Caucasus: Apr '08

IWPR radio report helps bring about compensation for Batumi residents whose property was demolished.

Caucasus: Apr '08

IWPR radio report helps bring about compensation for Batumi residents whose property was demolished.

Sunday, 1 June, 2008
IWPR

IWPR

Institute for War & Peace Reporting

A report on an IWPR-produced Georgian radio magazine programme highlighting the demolition of private property by the authorities in the Ajara region resulted in compensation payments for those who lost out.



The Batumi authorities ordered the dismantlement of all privately-owned garages in the city – with over 1000 of them destroyed in the course of several months.



Angry owners demanded that the authorities replace their garages or pay compensation – but officials paid no heed to their protests.



Bacho Gurabanidze, who works for the Accent programme, was the first local reporter to take an interest in the controversy. His report caused a stir in both the local and national media.



“As a result, Batumi’s [authorities] issued an order to pay compensation worth 1000 laris (690 dollars) to each Batumi resident, whose garage had been dismantled,” said Gurabanidze. “Unfortunately, they categorically refused to rebuild the garages, saying the structures made the city look ugly.”



“The local authorities did not even bother to respond to our protests,” said Batumi resident Lida Margalitadze. “But for the IWPR journalists, we would never have been given compensation.”



“A garage in Batumi costs 1,500 dollars on average, but a thousand laris is better than nothing,” said Elena Zatonskaya, who lives in the Ajara capital.



Last month, a journalist working for Accent played a unique role in facilitating local justice when he was asked to give a voice to a community in the mountainous north of Georgia which was in dispute with the police.
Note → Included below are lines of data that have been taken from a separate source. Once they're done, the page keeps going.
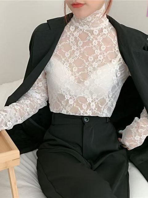 **2025年春秋新作!ハイネックのレースベースレイヤートップで、シックで華やかなスタイルを楽しもう!**
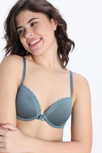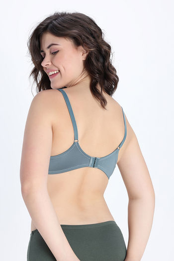 Zivame Padded Regular Wired Low Coverage Tshirt Bra - Grey Green
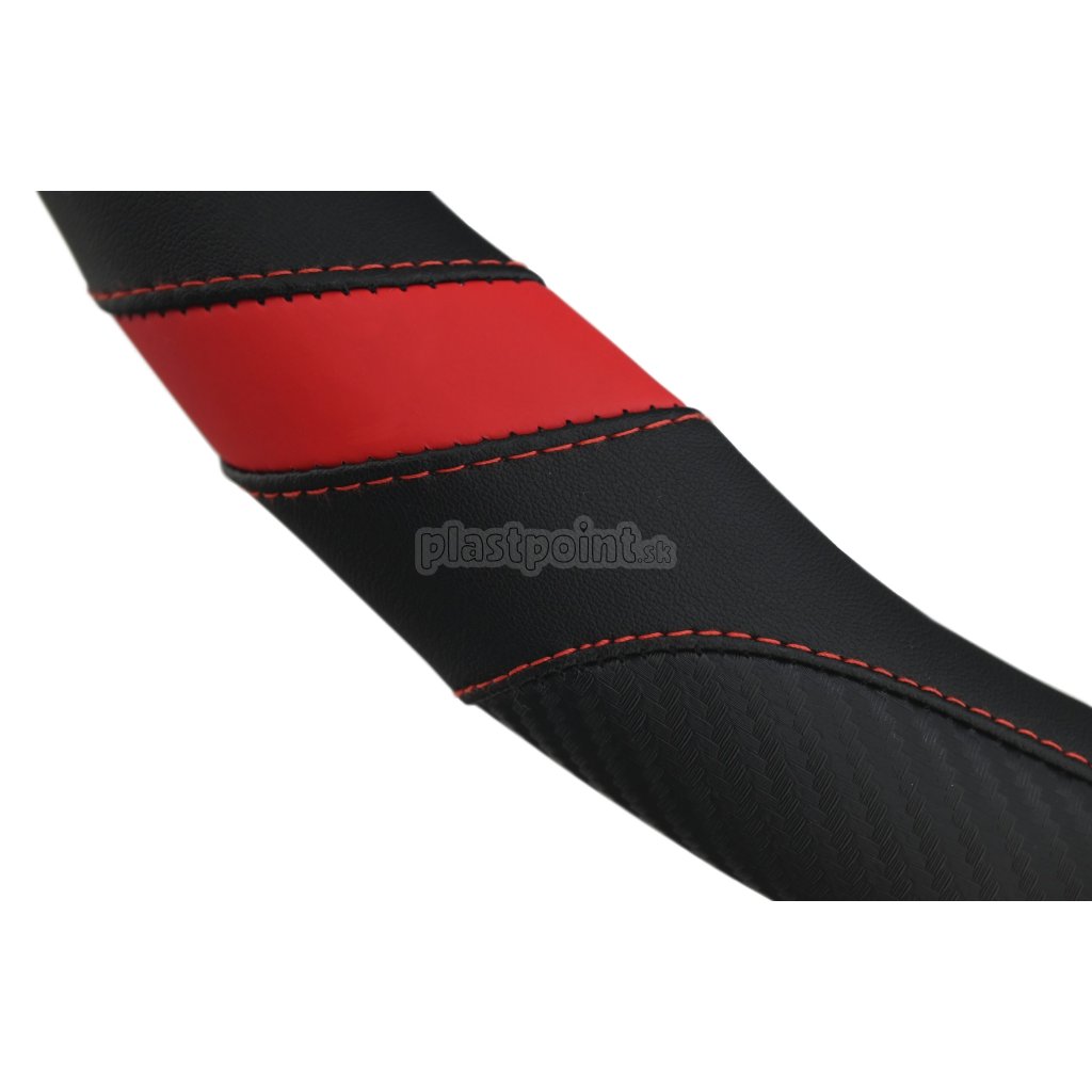 Poťah je príjemný na dotyk, ergonomicky tvarovaný, s imitáciou karbónu na bokoch pre uľahčený úchop.
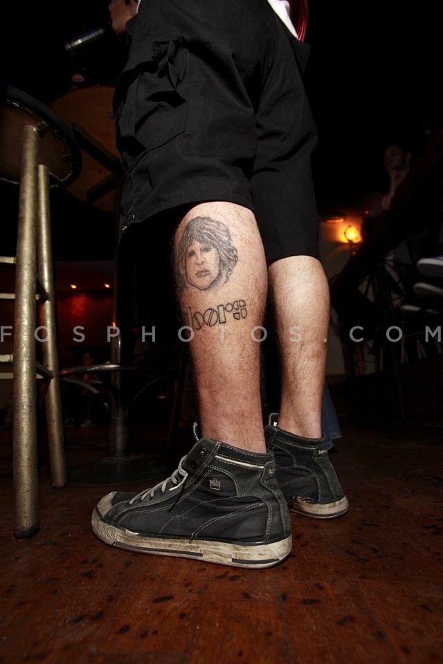 Young man's leg with tattoo of legendary…
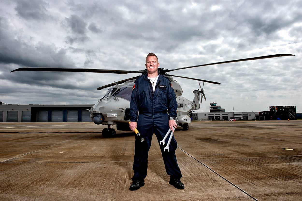 Begonnen als infanterist bij het Korps Mariniers, overgestapt naar de verbindelaars, om uiteindelijk zijn roeping te vinden als mechanisch monteur van de maritieme gevechtshelikopter NH90. “Ik ga iedere dag met een brede glimlach naar mijn werk”, zegt Leon. “En dan te bedenken dat ik bijna de dienst uit ben gegaan. Ik had het gevoel dat ik mijn passie voor techniek niet binnen de organisatie kwijt kon, maar toen kwam dit op mijn pad. En nu heb ik het geluk dat ik dagelijks aan een NH90 mag sleutelen.”
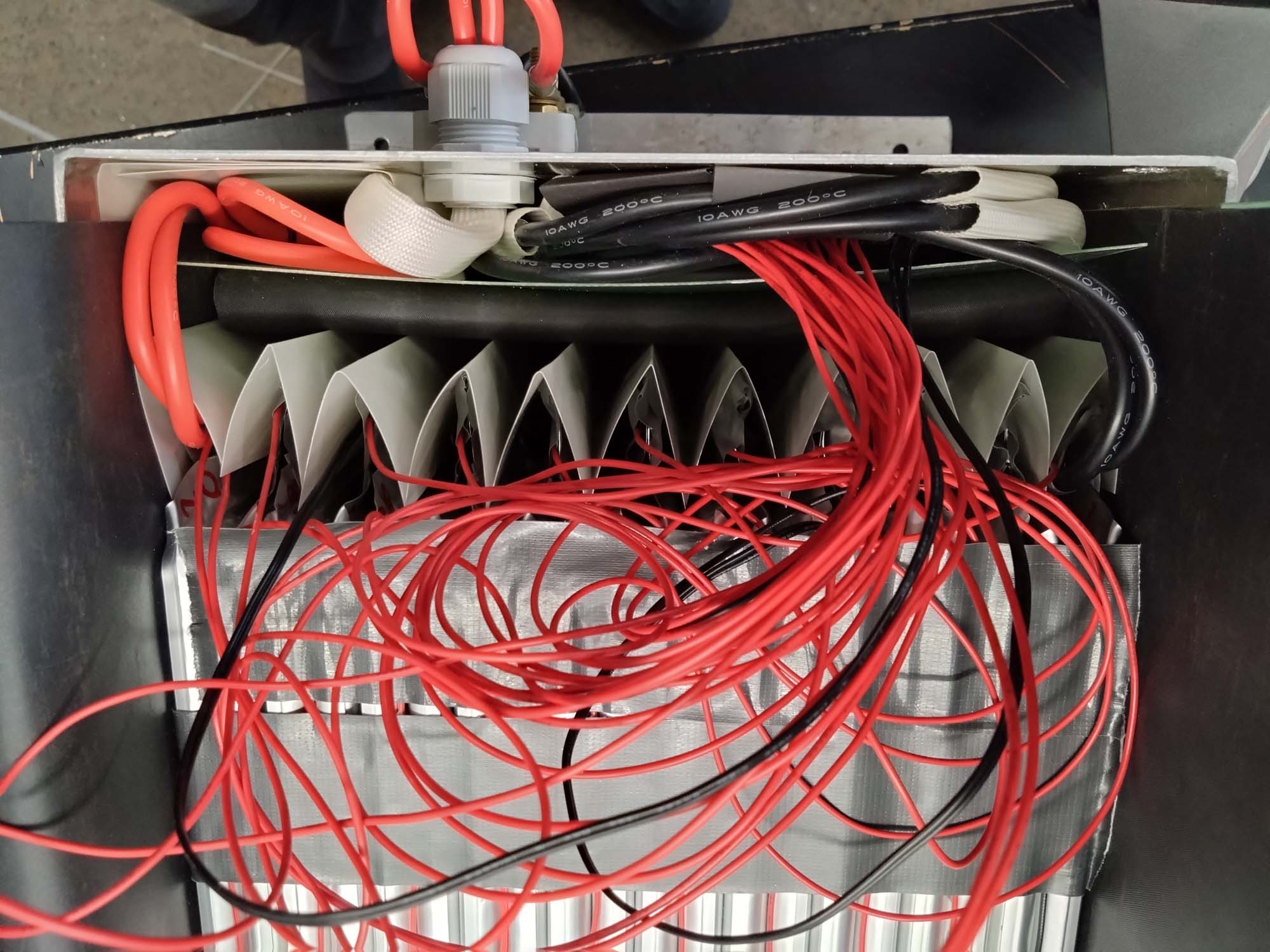 Die Alubox hatte in der Breite bewusst etwas Reserve. Einmal drinnen habe ich die Kiste seitlich hingelegt und den Spalt oben zwischen Alu und Gummi mit Bauschaum gefüllt. Davon gibts leider kein Bild. Nach dem Aushärten habe ich auf der Gegenüberliegenden Seite die Glasfaserplatte zwischen Alu und Gummi geschoben. So wurde noch etwas mehr Klemmdruck aufgebaut. Das BMS kam am Akku "Hinten" rein. Da da die Bohrungen für die Anschlüsse sind kam Poliesterfolie zur Trennung rein. Zwischen BMS und Akku kam wieder Gummi, Glasfaserplatte. Über die Akkuverbindungen kam gefaltet Polyester. Den Zwischenraum zum BMS habe ich stellenweise mit Bauschaum geschäumt. So sollte sich der Akku zu einem späteren Zeitpunkt wieder demontieren lassen. Verschlossen habe ich das Ganze mit Silikon, auch alle Bohrungen/Kabeldurchführungen wurden mit Silikon verschlossen. Beim klemmenbrett musste ich mit mit einem Standardteil von nem Drehstrommotor behelfen. M6 Anschlüsse. Oben auf der Box gehen 3 M4 Gewindestangen (Mit Silikon verdeckt) über den Deckel, halten Deckel und Box zusammen.
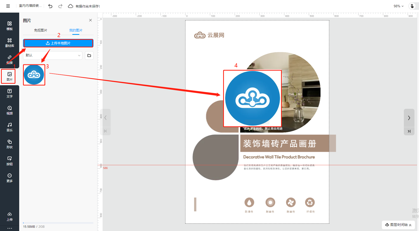 選擇【圖片】進(jìn)入圖片界面,點(diǎn)擊【上傳本地圖片】,選擇電腦上的圖片進(jìn)行上傳,上傳成功的圖片會(huì)出現(xiàn)在下方圖片欄,再次點(diǎn)擊一下圖片,圖片會(huì)直接出現(xiàn)在頁面上,點(diǎn)擊拖動(dòng)可以調(diào)整位置,也可以調(diào)整大小。

The reporter, Roman Kevkhishvili, recalled how he received a phone call out of the blue from representatives of the Kist ethnic minority in Duisi, a village in the Pankisi Gorge.



“The Pankisi Gorge is far from safe in terms of the crime situation, but I was overwhelmed by curiosity so I went to Duisi,” he said. “I was immediately taken to a meeting of the local elders. They were discussing a case involving two of the community’s members – Gia Khangoshvili, who had been accused of robbing Dutch journalists who had come to Pankisi last month to film a documentary; and the man who testified against him, Guram Margoshvili.”



Kevkhishvili was surprised to be invited along as an outsider to observe such a delicate internal affair being dealt with in traditional fashion within the Kist community. The Kists had brought him in the hope that his reporting would highlight their concerns about Khangoshvili’s arrest, concerns which they felt had been ignored by the police.